Listed records section start
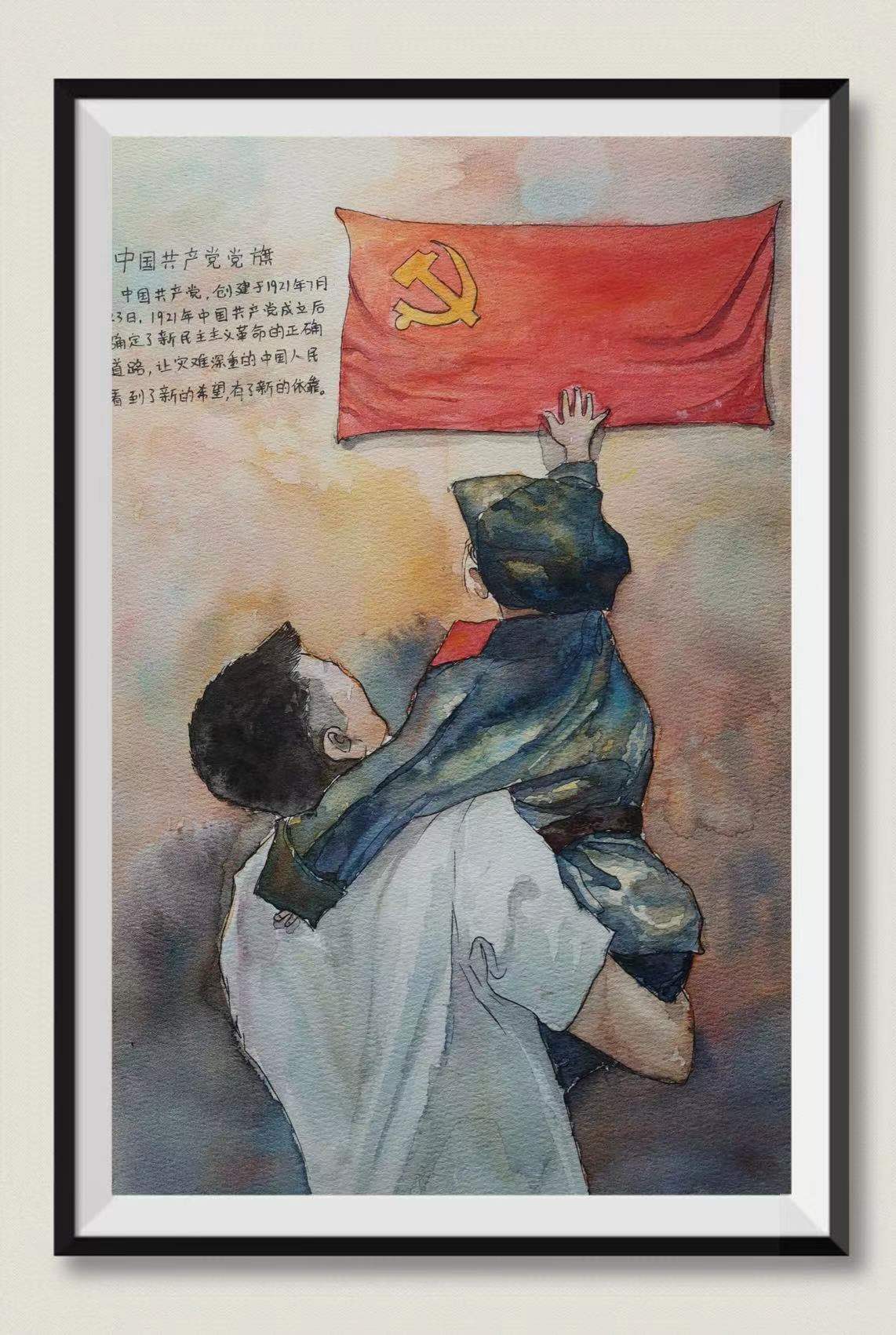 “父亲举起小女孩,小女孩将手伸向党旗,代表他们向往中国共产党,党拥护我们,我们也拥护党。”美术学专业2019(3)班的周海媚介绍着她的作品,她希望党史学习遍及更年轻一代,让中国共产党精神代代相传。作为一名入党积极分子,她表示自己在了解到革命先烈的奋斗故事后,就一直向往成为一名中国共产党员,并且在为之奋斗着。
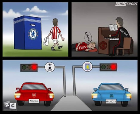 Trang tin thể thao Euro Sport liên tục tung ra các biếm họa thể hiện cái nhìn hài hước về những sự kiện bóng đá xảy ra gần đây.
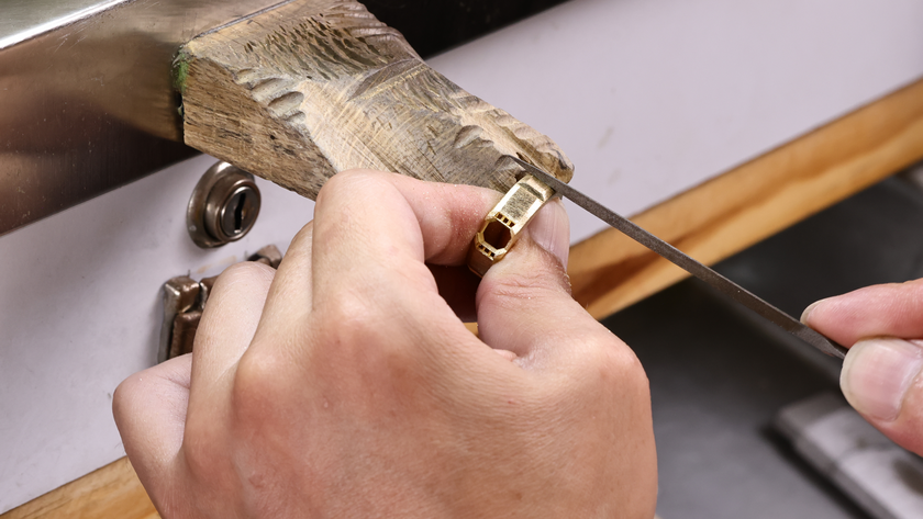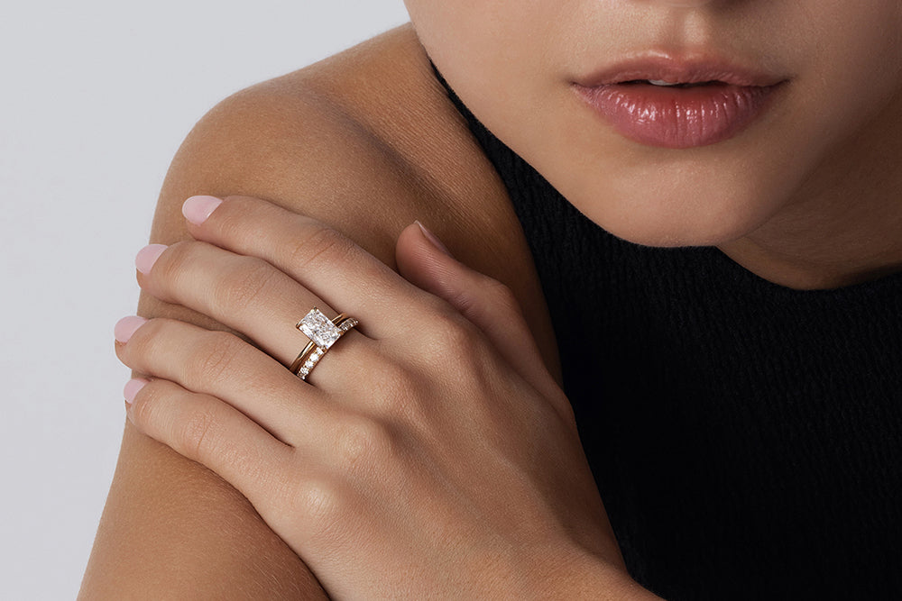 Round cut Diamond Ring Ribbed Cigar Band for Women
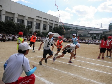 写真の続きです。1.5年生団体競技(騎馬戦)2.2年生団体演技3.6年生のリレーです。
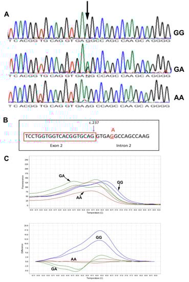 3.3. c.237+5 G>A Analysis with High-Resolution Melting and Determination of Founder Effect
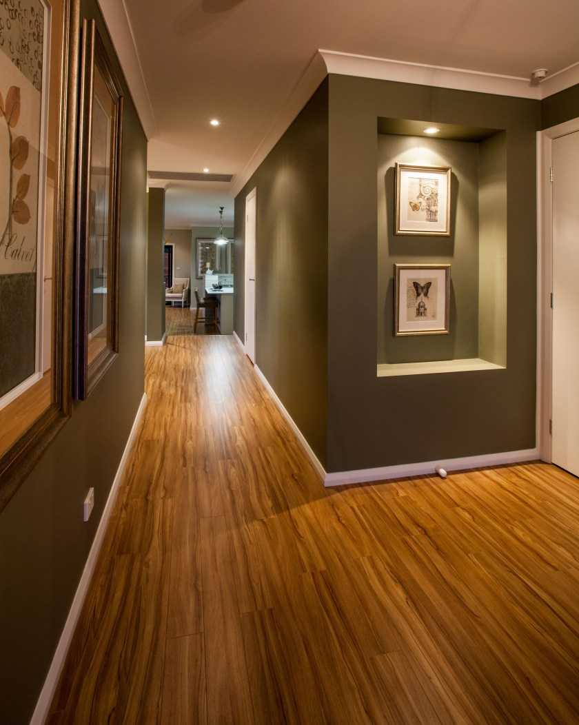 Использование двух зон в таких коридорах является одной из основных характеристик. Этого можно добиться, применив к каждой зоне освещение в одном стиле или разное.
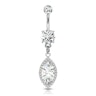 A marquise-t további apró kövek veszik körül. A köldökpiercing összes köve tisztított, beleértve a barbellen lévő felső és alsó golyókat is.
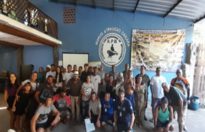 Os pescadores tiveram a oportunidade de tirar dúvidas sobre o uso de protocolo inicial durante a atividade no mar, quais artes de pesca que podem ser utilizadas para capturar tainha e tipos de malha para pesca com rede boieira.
Listed records section end
Work to be completed:
Only the lines from the first line of the entries through the line containing "3.3. c.237+5 G>A" should be output, exactly as they are, without pictures.

Result:
 “父亲举起小女孩,小女孩将手伸向党旗,代表他们向往中国共产党,党拥护我们,我们也拥护党。”美术学专业2019(3)班的周海媚介绍着她的作品,她希望党史学习遍及更年轻一代,让中国共产党精神代代相传。作为一名入党积极分子,她表示自己在了解到革命先烈的奋斗故事后,就一直向往成为一名中国共产党员,并且在为之奋斗着。
 Trang tin thể thao Euro Sport liên tục tung ra các biếm họa thể hiện cái nhìn hài hước về những sự kiện bóng đá xảy ra gần đây.
 Round cut Diamond Ring Ribbed Cigar Band for Women
 写真の続きです。1.5年生団体競技(騎馬戦)2.2年生団体演技3.6年生のリレーです。
 3.3. c.237+5 G>A Analysis with High-Resolution Melting and Determination of Founder Effect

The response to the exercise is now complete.